#### Exercise objective
Images excluded, reproduce each line of the records exactly as it stands.

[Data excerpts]
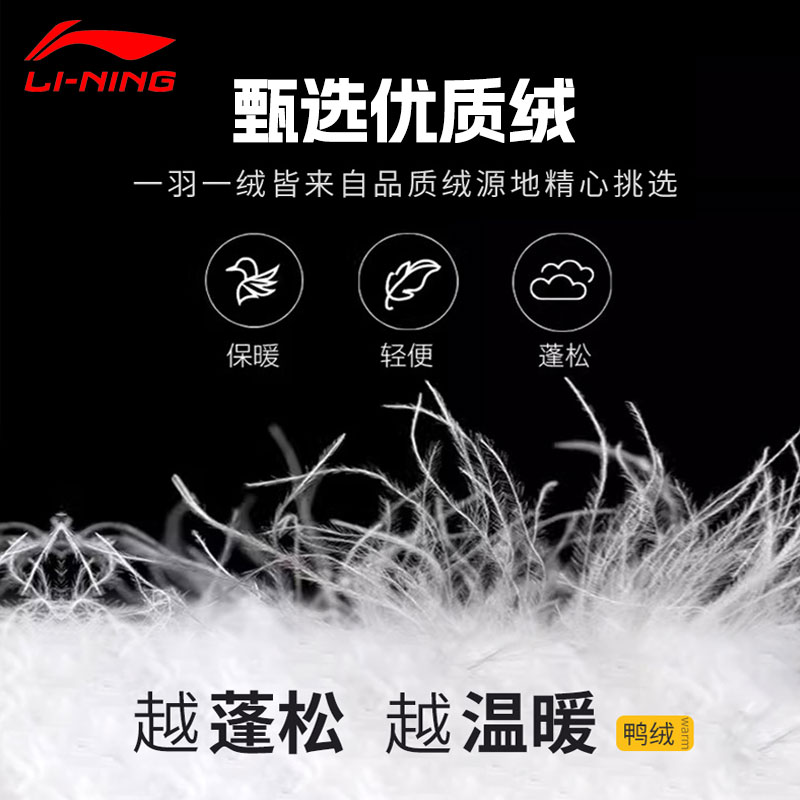 国旗过膝情侣加厚保暖连帽外套正品 新款 男女25冬季 李宁羽绒服长款
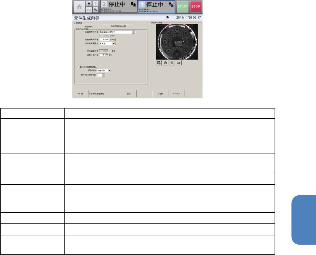 第 4 章 操作篇 4- 13 元件生成向导 296 选择 识别选项(异形元件( 有脚 )) 名称 说明 位置偏离容许值 从下拉列表中选择识别元件时在哪个 范围内进行识别。 • 指定位置:在指定区域内识别。 • 自动算出元件尺寸: 考虑角度、 角度偏差的容许值,自动设定识别区 域后识别。 角度偏离容许值 对识别得到的元件角度与预 计元件所在的角度有偏差时,容许的 角度偏差 量进行设定。 本体对背景极性 在下拉列表中设定元件本体和背景…
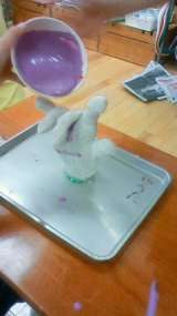 わかば学級高学年のサマースクール。さて、形の整った軍手にどろどろのねん土をかけて...
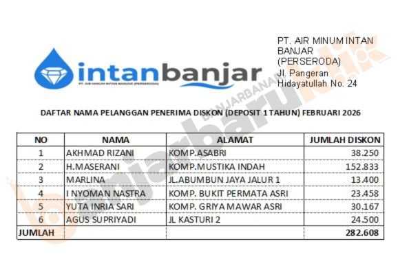 PTAM Intan Banjar Umumkan Pelanggan Beruntung Dapat Program Deposit Februari 2026
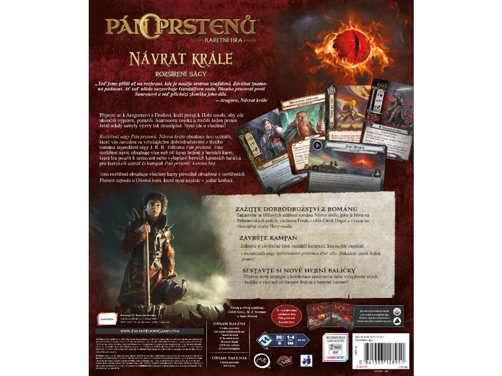 Rozšíření ságy Pán prstenů: Návrat krále obsahuje šest scénářů, které vás zavedou za vzrušujícími dobrodružstvími z třetího románu legendární ságy J. R. R. Tolkiena Pán prstenů. Toto rozšíření navíc obsahuje více než 60 karet hrdinů a herních karet, které lze použít k sestavení nebo vylepšení herních karetních balíčků pro kterýkoli scénář či kampaň Pán prstenů: karetní hra.
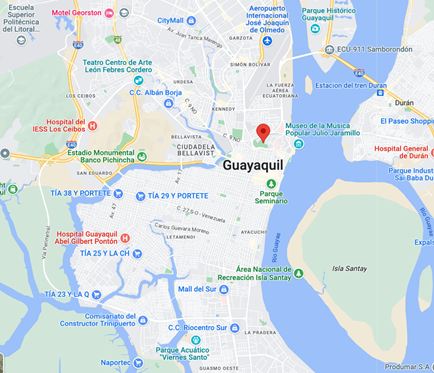 El punto rojo que se aprecia en la Figura 2 indica la ubicación del Cementerio General de Guayaquil, localizado en pleno centro de la ciudad. Al norte se ubican sectores de clase acomodada como Urdesa, Los Ceibos y Samborondón. Este último es un sector henchido de ostentosas mansiones, como la del magnate y cinco veces candidato presidencial Álvaro Noboa -padre del actual presidente (2024), Daniel Noboa- ubicada en la urbanización “El Río”. Al sur de Guayaquil, por el contrario, se encuentran los sectores más pobres de la urbe, tales como los suburbios y el famoso Guasmo, una unión de barrios que ocupa gran parte del sur de la ciudad.

#### Your response
 国旗过膝情侣加厚保暖连帽外套正品 新款 男女25冬季 李宁羽绒服长款
 第 4 章 操作篇 4- 13 元件生成向导 296 选择 识别选项(异形元件( 有脚 )) 名称 说明 位置偏离容许值 从下拉列表中选择识别元件时在哪个 范围内进行识别。 • 指定位置:在指定区域内识别。 • 自动算出元件尺寸: 考虑角度、 角度偏差的容许值,自动设定识别区 域后识别。 角度偏离容许值 对识别得到的元件角度与预 计元件所在的角度有偏差时,容许的 角度偏差 量进行设定。 本体对背景极性 在下拉列表中设定元件本体和背景…
 わかば学級高学年のサマースクール。さて、形の整った軍手にどろどろのねん土をかけて...
 PTAM Intan Banjar Umumkan Pelanggan Beruntung Dapat Program Deposit Februari 2026
 Rozšíření ságy Pán prstenů: Návrat krále obsahuje šest scénářů, které vás zavedou za vzrušujícími dobrodružstvími z třetího románu legendární ságy J. R. R. Tolkiena Pán prstenů. Toto rozšíření navíc obsahuje více než 60 karet hrdinů a herních karet, které lze použít k sestavení nebo vylepšení herních karetních balíčků pro kterýkoli scénář či kampaň Pán prstenů: karetní hra.
 El punto rojo que se aprecia en la Figura 2 indica la ubicación del Cementerio General de Guayaquil, localizado en pleno centro de la ciudad. Al norte se ubican sectores de clase acomodada como Urdesa, Los Ceibos y Samborondón. Este último es un sector henchido de ostentosas mansiones, como la del magnate y cinco veces candidato presidencial Álvaro Noboa -padre del actual presidente (2024), Daniel Noboa- ubicada en la urbanización “El Río”. Al sur de Guayaquil, por el contrario, se encuentran los sectores más pobres de la urbe, tales como los suburbios y el famoso Guasmo, una unión de barrios que ocupa gran parte del sur de la ciudad.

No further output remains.